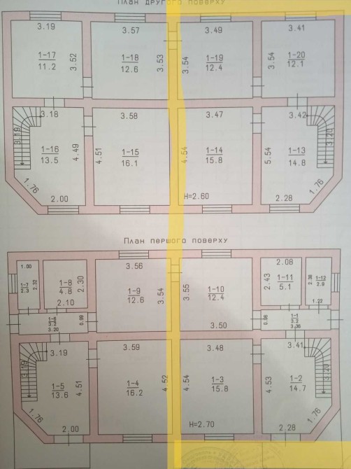 - на 1-м этаже 2 комнаты, кухня, санузел, коридор;
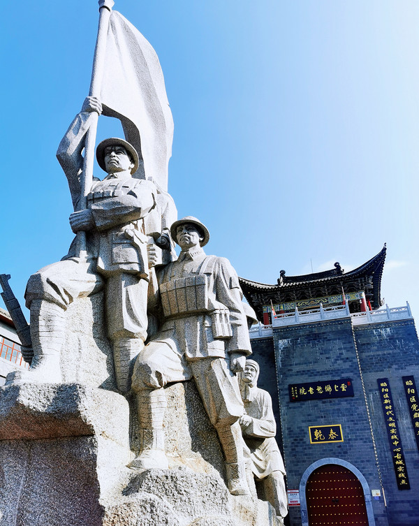 昭通是云南通向四川、贵州的门户,中原文化进入云南的重要通道,中国著名“南丝绸之路”要冲,素有“锁钥南滇、咽喉西蜀”之城,雍正九年云南总督提请皇帝将乌蒙府改为昭通府,昭通古城多为清朝建筑,也有民国和法式建筑,曾是历史上的“会馆之都”,形成了丰富的清代中国古建筑群落,核心区以辕门口为中心,老城有四门,东为抚镇门,南为敉宁门,西为济川门,北为趣马门,镇署衙门位于滇军共赴国难纪念广场,是当年治理昭通的最高行政机构,只是不再开放,不知院落里锁着怎样的故事,“共赴国难”四个大字透着一股莫名的悲凉,长长的街巷,牌坊一面连着陡街,一面通向抚镇门,并没有设为步行街,车水马龙,原住民和游人混杂在一起,颇有人间烟火味,青石板路已经被踩得锃亮,感觉可以照出人影,阳光直射下感受到的是纯粹的热烈,古城依然原生态,随处可见本地老人坐在广场上晒着太阳,还保留着些许古老的手工艺店铺、铁器铺子、竹编小店等等。
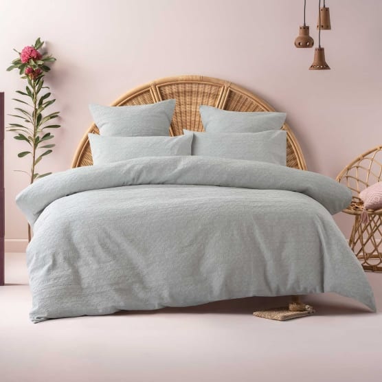 Dress your bedroom in beautiful effortless style with the Kingston duvet cover set. This stunning design features an ornate tile pattern woven in double cotton jacquard with cotton percale reverse for tactile appeal. It is washing machine friendly for effortless cleaning and features a press-stud closure to make changing it simple! Double cotton jacquard with a cotton percale reverse duvet cover set with 2 standard pillowcases.
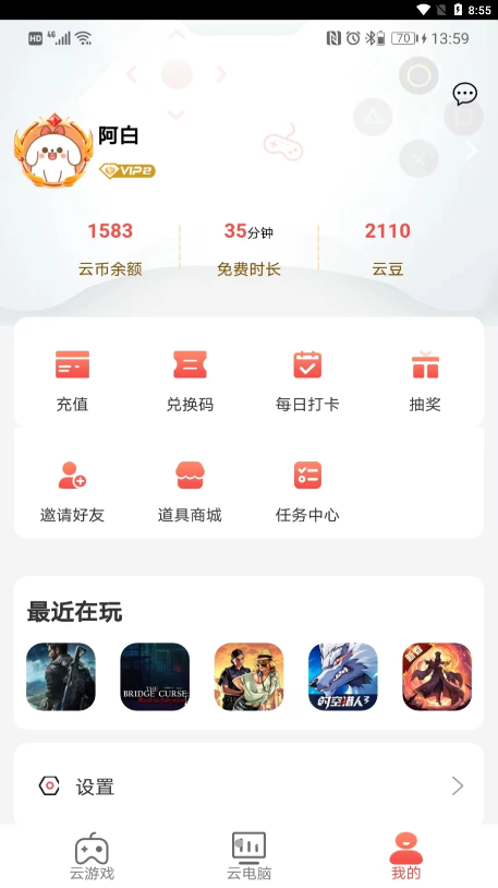畅玩云游戏是一款专为游戏爱好者打造的云游戏服务平台,它利用云计算技术,将游戏运行在远程服务器上,让用户无需下载和安装即可在手机、平板等设备上流畅体验各种大型游戏。无论是pc端的3a大作还是移动端热门游戏,畅玩云游戏都能提供高质量的游戏体验,满足玩家的多样化需求。

▶ [TASK PROMPT] All that is needed is an exact copy of the lines from the line with "Dress your bedroom" through the end of the listing, both ends included, with no pictures.

▶ [RESULT]
 Dress your bedroom in beautiful effortless style with the Kingston duvet cover set. This stunning design features an ornate tile pattern woven in double cotton jacquard with cotton percale reverse for tactile appeal. It is washing machine friendly for effortless cleaning and features a press-stud closure to make changing it simple! Double cotton jacquard with a cotton percale reverse duvet cover set with 2 standard pillowcases.
畅玩云游戏是一款专为游戏爱好者打造的云游戏服务平台,它利用云计算技术,将游戏运行在远程服务器上,让用户无需下载和安装即可在手机、平板等设备上流畅体验各种大型游戏。无论是pc端的3a大作还是移动端热门游戏,畅玩云游戏都能提供高质量的游戏体验,满足玩家的多样化需求。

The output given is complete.